--- THE PROBLEM ---
Restate all of the entries exactly, dropping any pictures they hold.
··· RECORDED INFORMATION
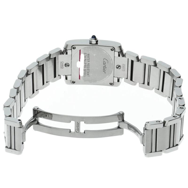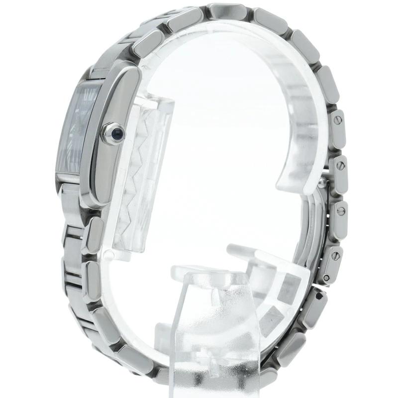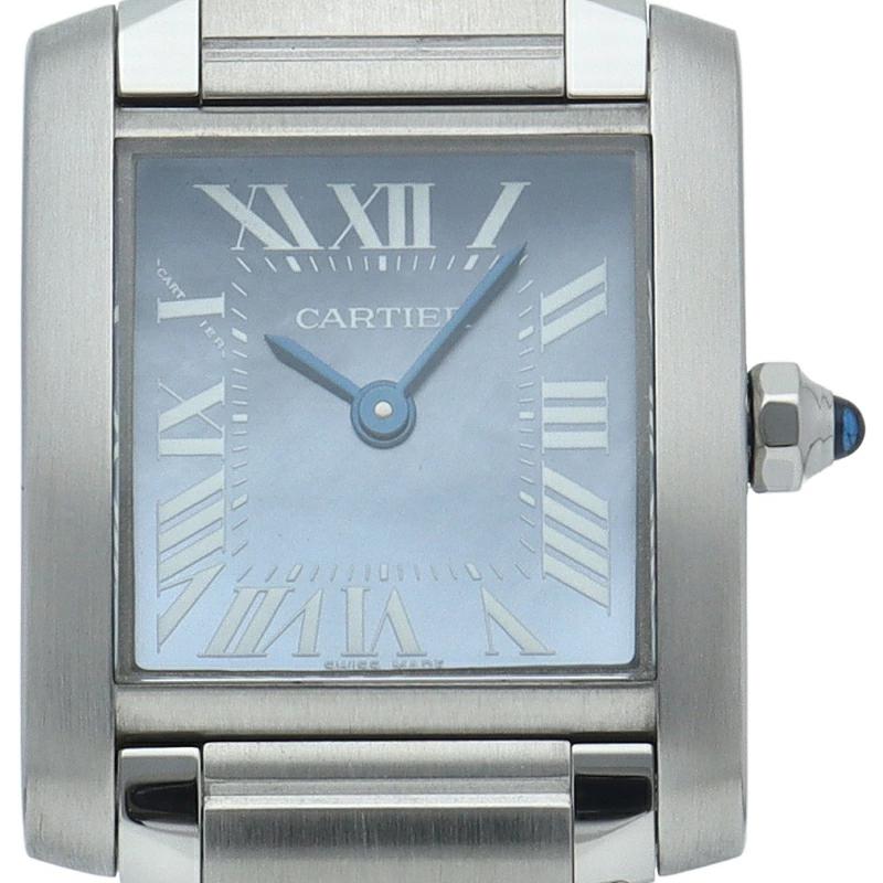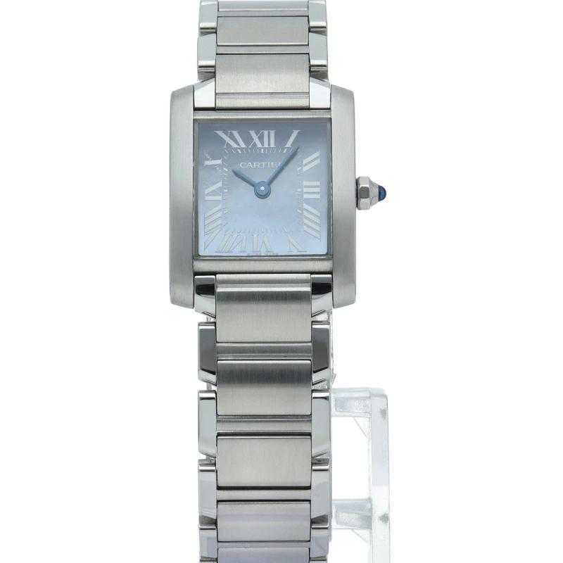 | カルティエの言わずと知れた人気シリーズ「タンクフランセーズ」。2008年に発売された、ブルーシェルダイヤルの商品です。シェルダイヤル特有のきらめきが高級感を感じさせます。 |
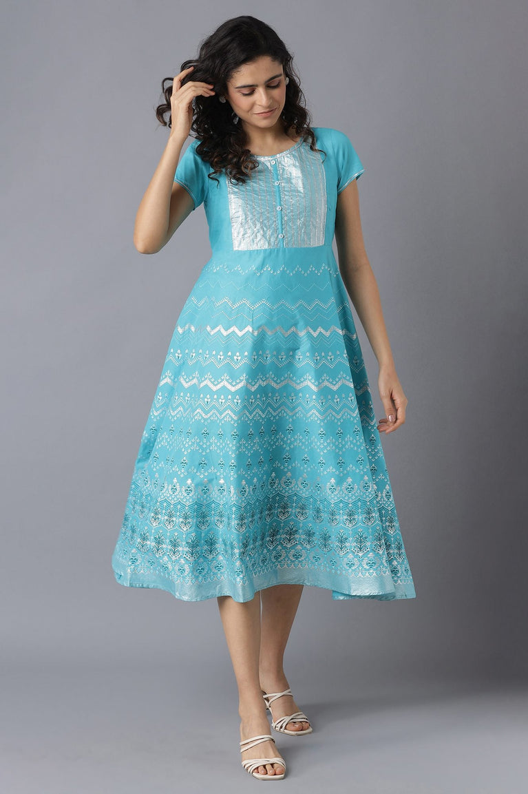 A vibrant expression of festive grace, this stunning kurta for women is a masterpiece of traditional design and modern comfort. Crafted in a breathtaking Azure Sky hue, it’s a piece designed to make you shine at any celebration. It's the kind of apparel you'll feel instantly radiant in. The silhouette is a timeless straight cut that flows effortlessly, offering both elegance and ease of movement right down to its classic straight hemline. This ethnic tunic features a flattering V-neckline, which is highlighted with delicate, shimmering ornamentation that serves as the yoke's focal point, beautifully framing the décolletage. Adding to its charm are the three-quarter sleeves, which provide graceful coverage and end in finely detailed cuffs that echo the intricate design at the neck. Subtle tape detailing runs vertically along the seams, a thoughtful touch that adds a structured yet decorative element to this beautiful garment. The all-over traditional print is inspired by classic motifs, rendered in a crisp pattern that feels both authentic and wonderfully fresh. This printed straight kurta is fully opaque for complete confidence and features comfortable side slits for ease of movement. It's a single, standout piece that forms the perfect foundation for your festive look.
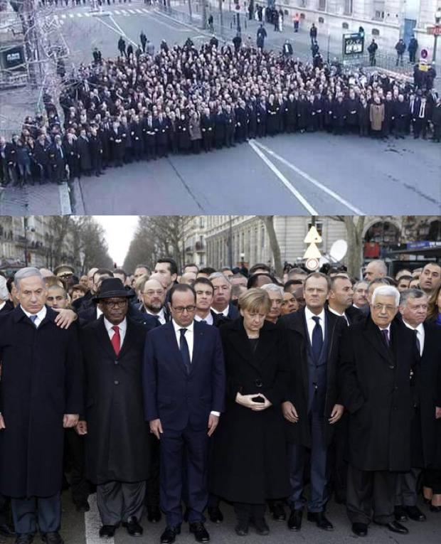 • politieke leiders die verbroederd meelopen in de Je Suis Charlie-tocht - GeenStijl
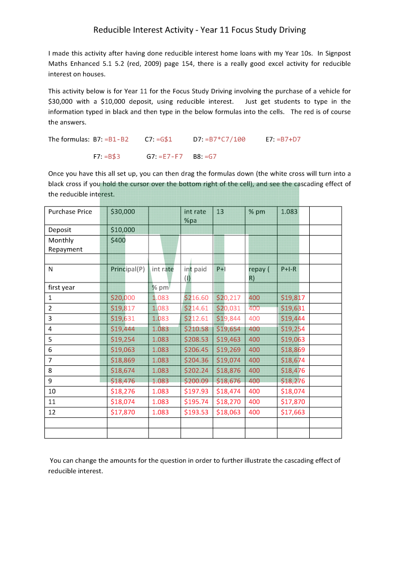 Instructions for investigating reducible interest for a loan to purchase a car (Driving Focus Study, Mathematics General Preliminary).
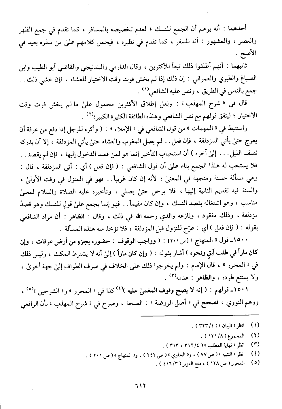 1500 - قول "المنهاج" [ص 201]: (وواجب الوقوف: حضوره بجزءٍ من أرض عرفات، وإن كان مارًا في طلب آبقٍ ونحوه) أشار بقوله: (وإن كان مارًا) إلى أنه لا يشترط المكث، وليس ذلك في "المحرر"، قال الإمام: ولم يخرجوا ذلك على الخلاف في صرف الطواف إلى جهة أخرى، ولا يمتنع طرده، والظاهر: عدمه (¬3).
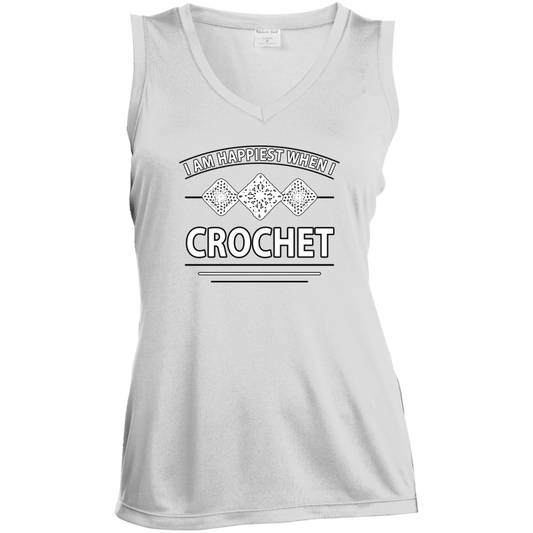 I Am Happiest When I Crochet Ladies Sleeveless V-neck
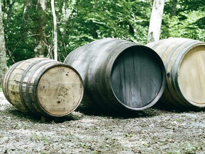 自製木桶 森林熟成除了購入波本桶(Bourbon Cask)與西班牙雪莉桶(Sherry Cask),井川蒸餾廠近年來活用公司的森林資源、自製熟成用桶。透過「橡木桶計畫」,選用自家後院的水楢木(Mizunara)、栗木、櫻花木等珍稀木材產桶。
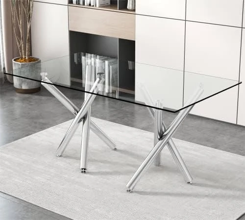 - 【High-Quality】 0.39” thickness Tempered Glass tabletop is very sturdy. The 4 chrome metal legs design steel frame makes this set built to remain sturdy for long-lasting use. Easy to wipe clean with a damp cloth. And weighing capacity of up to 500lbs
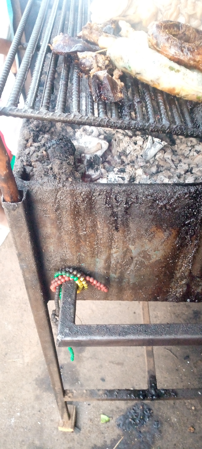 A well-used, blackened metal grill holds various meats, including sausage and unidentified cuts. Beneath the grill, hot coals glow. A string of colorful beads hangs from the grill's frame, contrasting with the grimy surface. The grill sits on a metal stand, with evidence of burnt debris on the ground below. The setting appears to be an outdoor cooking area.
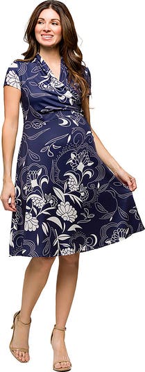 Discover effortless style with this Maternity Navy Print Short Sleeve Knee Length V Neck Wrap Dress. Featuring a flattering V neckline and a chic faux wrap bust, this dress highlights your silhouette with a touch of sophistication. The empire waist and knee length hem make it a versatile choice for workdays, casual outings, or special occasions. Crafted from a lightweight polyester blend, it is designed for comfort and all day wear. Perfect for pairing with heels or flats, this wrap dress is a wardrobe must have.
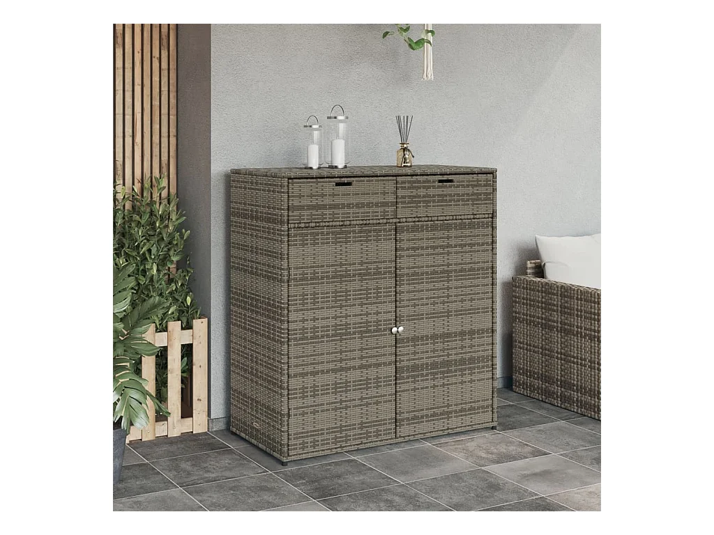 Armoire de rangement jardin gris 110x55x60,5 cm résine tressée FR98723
······
--- EXERCISE ANSWER ---
 | カルティエの言わずと知れた人気シリーズ「タンクフランセーズ」。2008年に発売された、ブルーシェルダイヤルの商品です。シェルダイヤル特有のきらめきが高級感を感じさせます。 |
 A vibrant expression of festive grace, this stunning kurta for women is a masterpiece of traditional design and modern comfort. Crafted in a breathtaking Azure Sky hue, it’s a piece designed to make you shine at any celebration. It's the kind of apparel you'll feel instantly radiant in. The silhouette is a timeless straight cut that flows effortlessly, offering both elegance and ease of movement right down to its classic straight hemline. This ethnic tunic features a flattering V-neckline, which is highlighted with delicate, shimmering ornamentation that serves as the yoke's focal point, beautifully framing the décolletage. Adding to its charm are the three-quarter sleeves, which provide graceful coverage and end in finely detailed cuffs that echo the intricate design at the neck. Subtle tape detailing runs vertically along the seams, a thoughtful touch that adds a structured yet decorative element to this beautiful garment. The all-over traditional print is inspired by classic motifs, rendered in a crisp pattern that feels both authentic and wonderfully fresh. This printed straight kurta is fully opaque for complete confidence and features comfortable side slits for ease of movement. It's a single, standout piece that forms the perfect foundation for your festive look.
 • politieke leiders die verbroederd meelopen in de Je Suis Charlie-tocht - GeenStijl
 Instructions for investigating reducible interest for a loan to purchase a car (Driving Focus Study, Mathematics General Preliminary).
 1500 - قول "المنهاج" [ص 201]: (وواجب الوقوف: حضوره بجزءٍ من أرض عرفات، وإن كان مارًا في طلب آبقٍ ونحوه) أشار بقوله: (وإن كان مارًا) إلى أنه لا يشترط المكث، وليس ذلك في "المحرر"، قال الإمام: ولم يخرجوا ذلك على الخلاف في صرف الطواف إلى جهة أخرى، ولا يمتنع طرده، والظاهر: عدمه (¬3).
 I Am Happiest When I Crochet Ladies Sleeveless V-neck
 自製木桶 森林熟成除了購入波本桶(Bourbon Cask)與西班牙雪莉桶(Sherry Cask),井川蒸餾廠近年來活用公司的森林資源、自製熟成用桶。透過「橡木桶計畫」,選用自家後院的水楢木(Mizunara)、栗木、櫻花木等珍稀木材產桶。
 - 【High-Quality】 0.39” thickness Tempered Glass tabletop is very sturdy. The 4 chrome metal legs design steel frame makes this set built to remain sturdy for long-lasting use. Easy to wipe clean with a damp cloth. And weighing capacity of up to 500lbs
 A well-used, blackened metal grill holds various meats, including sausage and unidentified cuts. Beneath the grill, hot coals glow. A string of colorful beads hangs from the grill's frame, contrasting with the grimy surface. The grill sits on a metal stand, with evidence of burnt debris on the ground below. The setting appears to be an outdoor cooking area.
 Discover effortless style with this Maternity Navy Print Short Sleeve Knee Length V Neck Wrap Dress. Featuring a flattering V neckline and a chic faux wrap bust, this dress highlights your silhouette with a touch of sophistication. The empire waist and knee length hem make it a versatile choice for workdays, casual outings, or special occasions. Crafted from a lightweight polyester blend, it is designed for comfort and all day wear. Perfect for pairing with heels or flats, this wrap dress is a wardrobe must have.
 Armoire de rangement jardin gris 110x55x60,5 cm résine tressée FR98723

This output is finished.